§ DATA:
= = = = =
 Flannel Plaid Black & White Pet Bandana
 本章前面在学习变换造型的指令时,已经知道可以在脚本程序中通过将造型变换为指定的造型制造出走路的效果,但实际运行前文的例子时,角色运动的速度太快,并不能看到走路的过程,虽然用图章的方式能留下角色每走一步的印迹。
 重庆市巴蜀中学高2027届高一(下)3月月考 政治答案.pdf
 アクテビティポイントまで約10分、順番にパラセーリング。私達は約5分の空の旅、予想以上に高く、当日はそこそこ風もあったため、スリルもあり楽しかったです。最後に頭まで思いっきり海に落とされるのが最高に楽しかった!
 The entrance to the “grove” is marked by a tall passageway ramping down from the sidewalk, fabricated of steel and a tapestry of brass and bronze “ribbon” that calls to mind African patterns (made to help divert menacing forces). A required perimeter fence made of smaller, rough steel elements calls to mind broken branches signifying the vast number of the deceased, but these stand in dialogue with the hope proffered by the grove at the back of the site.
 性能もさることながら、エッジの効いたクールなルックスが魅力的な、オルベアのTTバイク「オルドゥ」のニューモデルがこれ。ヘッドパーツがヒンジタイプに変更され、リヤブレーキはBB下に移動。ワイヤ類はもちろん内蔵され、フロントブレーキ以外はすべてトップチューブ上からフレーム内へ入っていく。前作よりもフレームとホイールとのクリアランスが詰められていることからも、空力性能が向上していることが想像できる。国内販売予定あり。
= = = = =
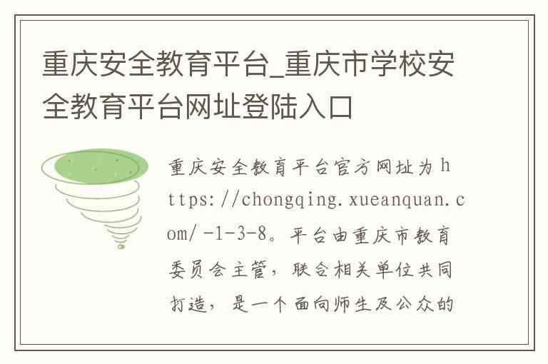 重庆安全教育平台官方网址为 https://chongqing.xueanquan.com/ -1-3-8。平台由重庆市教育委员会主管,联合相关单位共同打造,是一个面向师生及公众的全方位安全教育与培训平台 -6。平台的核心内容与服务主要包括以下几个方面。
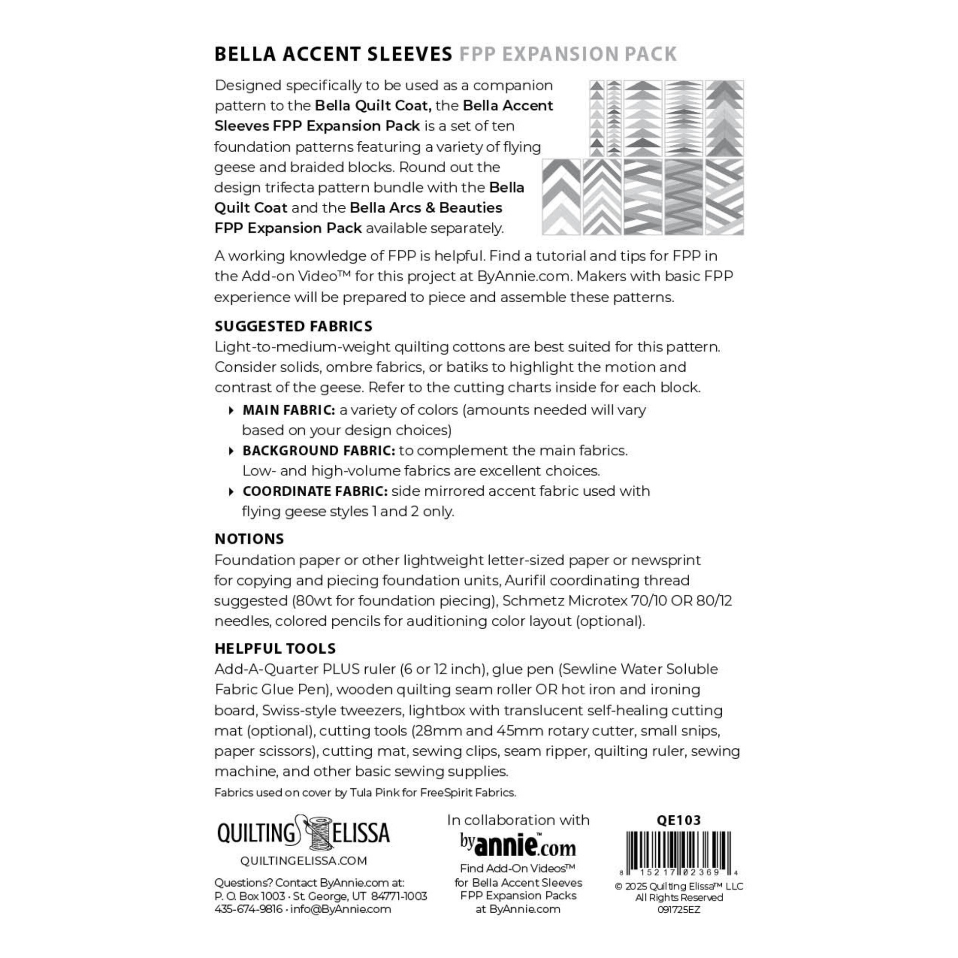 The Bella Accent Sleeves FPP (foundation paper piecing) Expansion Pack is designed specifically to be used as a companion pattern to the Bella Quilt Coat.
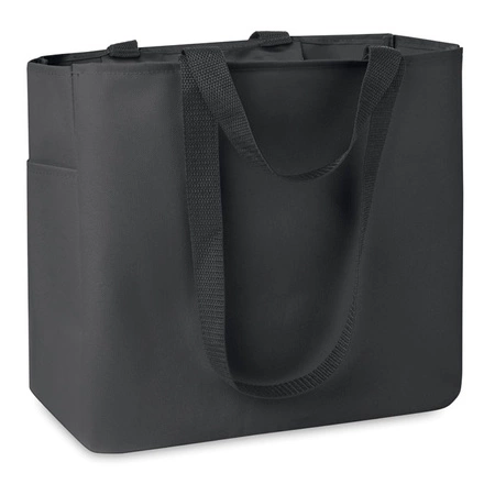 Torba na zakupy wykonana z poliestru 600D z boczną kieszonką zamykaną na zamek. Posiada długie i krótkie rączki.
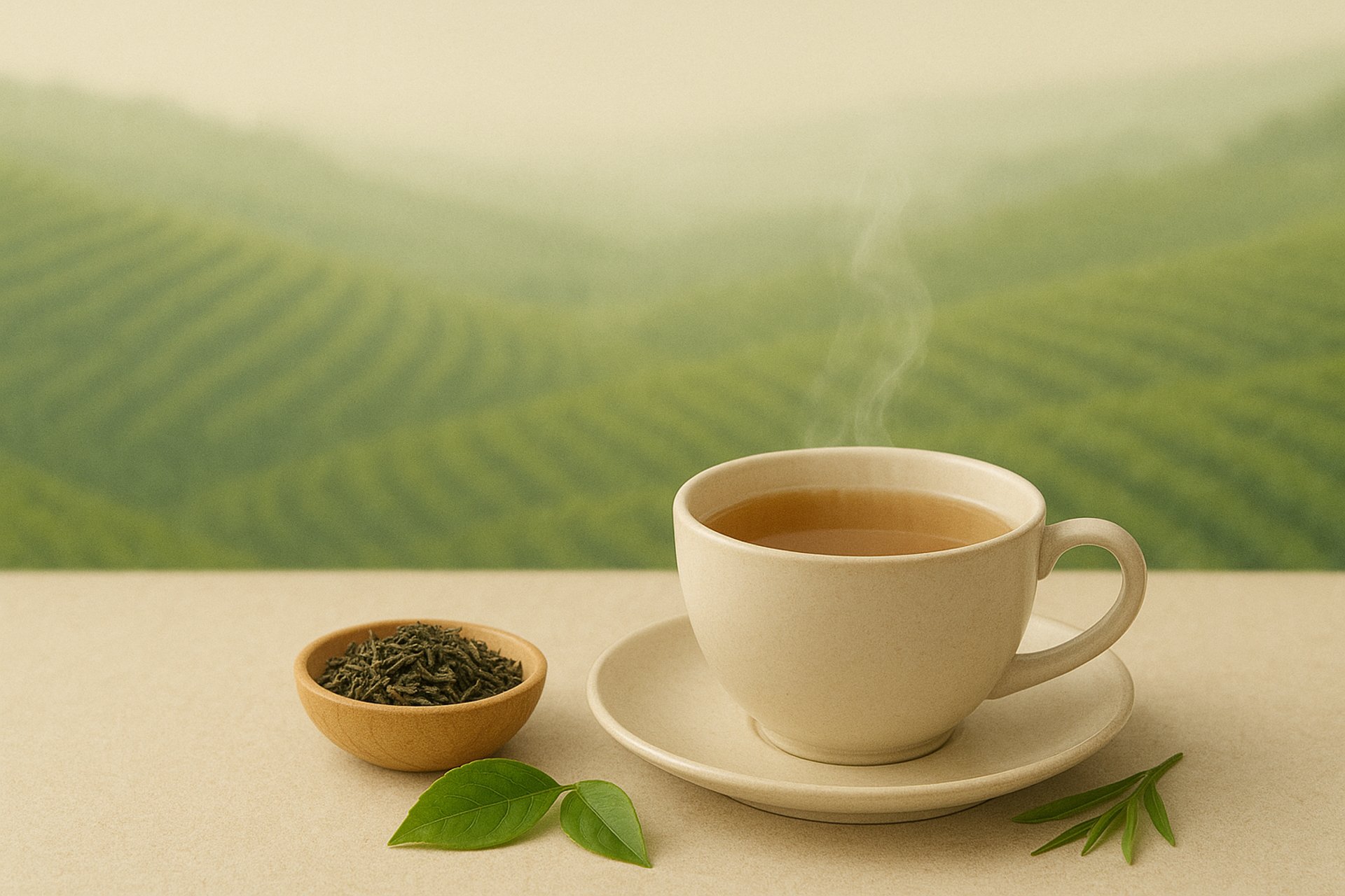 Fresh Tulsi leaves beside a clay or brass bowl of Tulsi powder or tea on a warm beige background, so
= = = = =
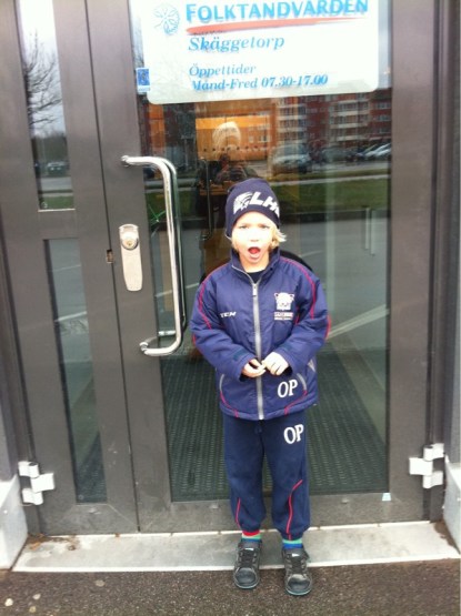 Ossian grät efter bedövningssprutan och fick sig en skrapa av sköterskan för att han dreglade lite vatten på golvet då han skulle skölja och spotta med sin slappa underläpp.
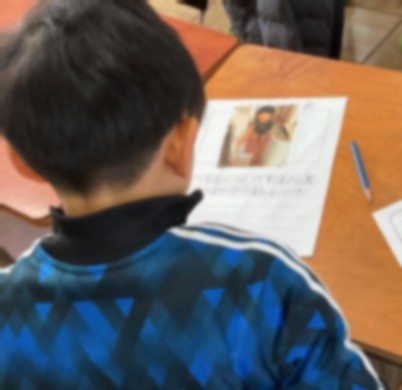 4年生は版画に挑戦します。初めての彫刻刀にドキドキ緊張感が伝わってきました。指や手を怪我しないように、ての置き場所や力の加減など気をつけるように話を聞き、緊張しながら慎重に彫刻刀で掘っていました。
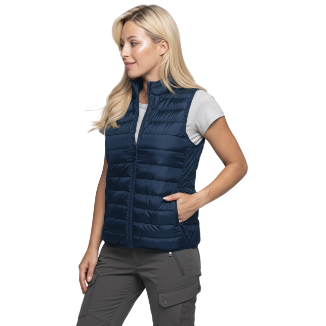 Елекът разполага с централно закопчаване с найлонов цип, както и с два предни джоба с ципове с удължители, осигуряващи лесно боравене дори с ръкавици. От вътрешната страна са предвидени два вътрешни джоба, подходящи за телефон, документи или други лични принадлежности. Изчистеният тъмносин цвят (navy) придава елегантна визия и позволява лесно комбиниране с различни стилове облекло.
= = = = =
§ PROBLEM DESCRIPTION:
Look above and copy only the lines from the one holding "Ossian grät efter" to the one holding "4年生は版画に挑戦します。初", both included, exactly, minus the pictures.

§ SOLUTION FOR THIS EXERCISE:
 Ossian grät efter bedövningssprutan och fick sig en skrapa av sköterskan för att han dreglade lite vatten på golvet då han skulle skölja och spotta med sin slappa underläpp.
 4年生は版画に挑戦します。初めての彫刻刀にドキドキ緊張感が伝わってきました。指や手を怪我しないように、ての置き場所や力の加減など気をつけるように話を聞き、緊張しながら慎重に彫刻刀で掘っていました。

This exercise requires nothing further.